SMS ile Doğrulama Kodu Gönderimi Yoluyla Kişisel Veri İşlenmesi Hakkında Kişisel Verileri Koruma Kurulu İlke Kararı Yayımlandı.

Kişisel Verileri Koruma Kurulu (“Kurul”) tarafından 26 Haziran 2025 tarihli Resmî Gazete'de yayımlanan Kurul Kararı (Karar No: 2025/1072, Toplantı Sıra Sayısı: 2025/18) ile, ürün ve hizmet sunumu sırasında ilgili kişilere SMS ile doğrulama kodu gönderilmesi suretiyle kişisel verilerin işlenmesi hakkında bir ilke kararı alınmıştır. Bu karar, Kişisel Verileri Koruma Kanunu (“Kanun”) kapsamında kişisel verilerin işlenmesi şartları, aydınlatma yükümlülüğü ve veri güvenliği tedbirleri doğrultusunda önemli prensipleri belirlemektedir. Kurul, bu kararıyla yaygın uygulamalardaki hukuka aykırılıkları tespit etmiş ve veri sorumlularının uyması gereken yükümlülükleri ortaya koymuştur.

İlke kararında ilk olarak, Kuruma ulaşan çok sayıda şikayet ve ihbarda, ürün ve hizmet sunum süreçlerinde (ödeme, kayıt açma, üyelik oluşturma, teklif oluşturma vb.) ilgili kişilerden iletişim bilgileri talep edildiği ve SMS ile doğrulama kodu gönderildiği belirtilmiştir. Bu kodun, ödemelerin tamamlanması, fatura oluşturulması veya bilgilerin güncellenmesi için gerektiği öne sürülmüştür. Ancak, söz konusu işlemin ardından ilgili kişilere veri sorumlusunun faaliyetleriyle ilgili ticari elektronik ileti gönderildiği iddiaları yer almıştır. Kurul tarafından yapılan incelemelerde, bu doğrulama kodu SMS'lerinin içeriklerinde veya gönderimi öncesinde veri sorumlusu ya da yetkilendirdiği kişilerce herhangi bir aydınlatma yapılmadığı tespit edilmiştir. Ayrıca, kodun ödeme veya bilgi güncelleme için gerekli olduğu gerekçesiyle istenmesine rağmen, bu yolla ticari elektronik ileti gönderimine ilişkin açık rıza alınarak ilgili kişilerin yanıltıldığı belirlenmiştir.

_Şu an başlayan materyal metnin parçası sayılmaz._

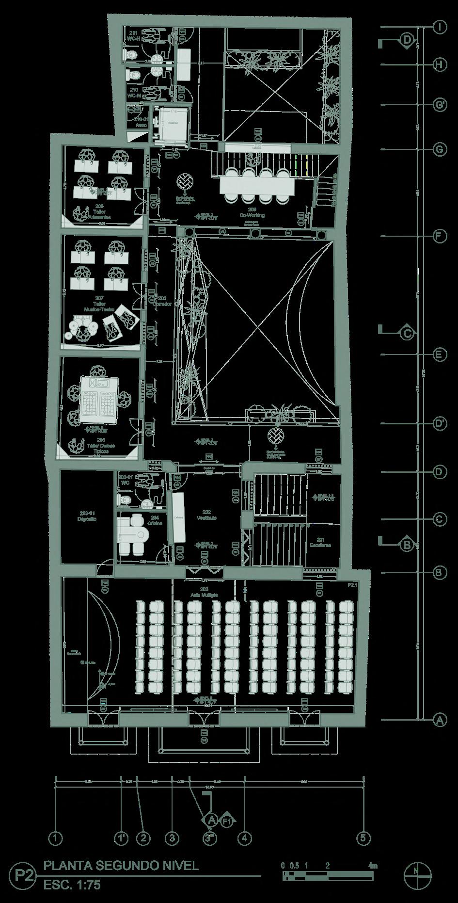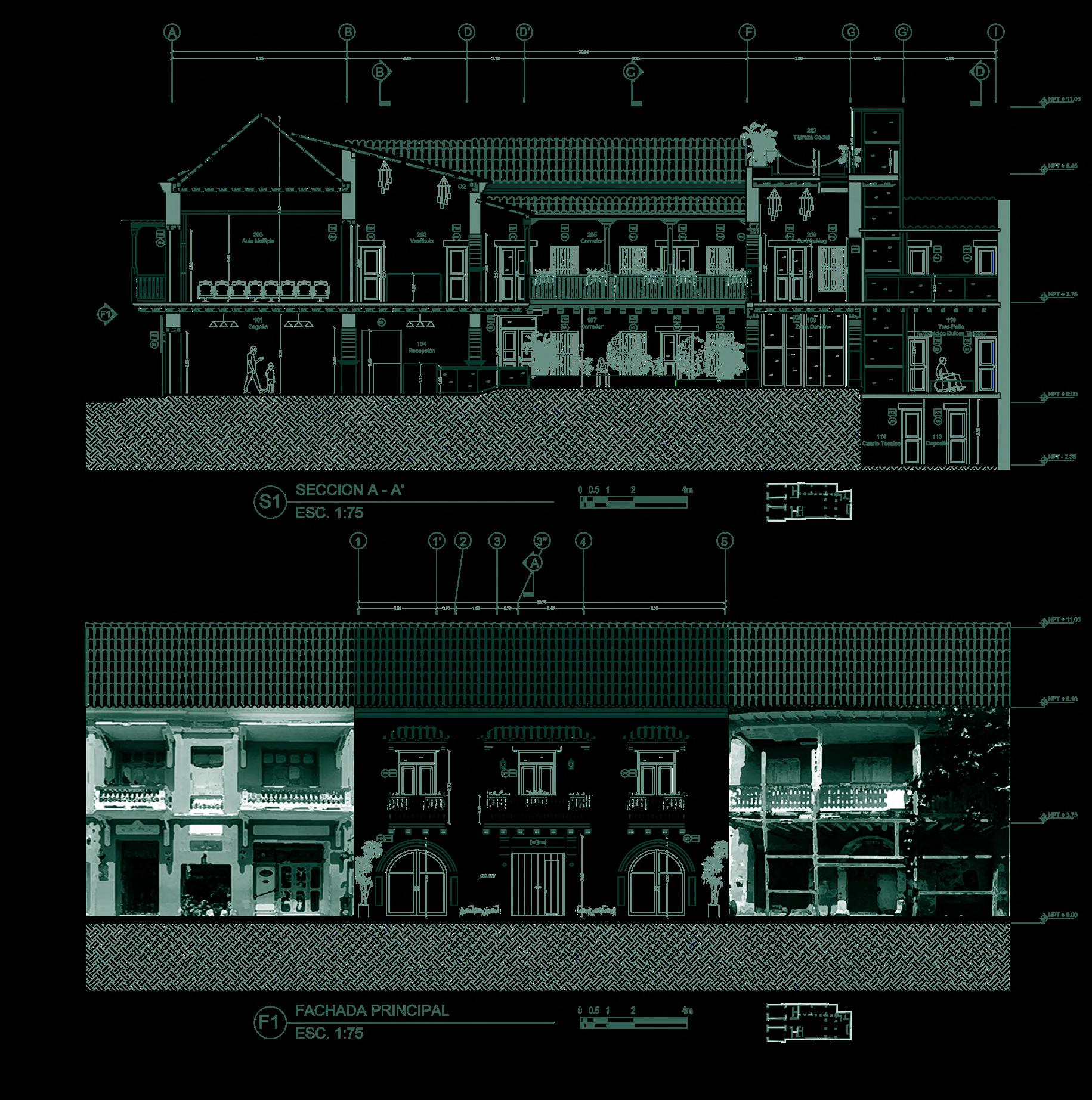 4. Se toma una perspectiva restauradora de intervención reversible en algunos espacios como lo es la Sala de Exposiciones a través de muros falsos en madera, y en el Aula Múltiple del salón principal a través de muros retráctiles.
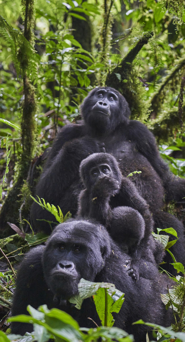 Denna förmiddag spenderar ni med att spåra en familj av gorillor. Detta är kanske höjdpunkten på er resa och chansen att se gorillor är nästan 100%. Parkvakter och guider vet alltid var gorillorna är. Dagens vandring genom den orörda regnskogen tar mellan 3 och 8 timmar, beroende på var gorillorna befinner sig. Det svala och fuktiga klimatet i bergsregnskogen är behagligt, nattemperaturen kan sjunka till cirka 10-12 grader. Ni klär er för dagen, börjar tidigt och tar med er en härlig lunch som ni äter ute i skogen. Men kom ihåg detta innan ni börjar vandringen: det är viktigt att inte slänga skräp, spotta på marken eller på annat sätt agera så att dessa sällsynta djur får sin livsmiljö förstörd. Åldersgränsen för gorillasafari är 15 år.

Kurulun değerlendirmesinde, Kanun'un 5. Maddesi uyarınca kural olarak kişisel verilerin ilgili kişinin açık rızası olmaksızın işlenemeyeceği ve ancak Kanun’da belirtilen sınırlı durumlarda açık rıza aranmaksızın kişisel verilerin işlenmesinin mümkün olduğu belirtilmiştir.

Kurul; Kanun’un 3. maddesi kapsamında açık rızanın “belirli bir konuya ilişkin, bilgilendirilmeye dayanan ve özgür iradeyle açıklanan rıza" şeklinde tanımlandığını ve açık rızanın bu unsurları kapsaması gerektiğini ifade etmiştir.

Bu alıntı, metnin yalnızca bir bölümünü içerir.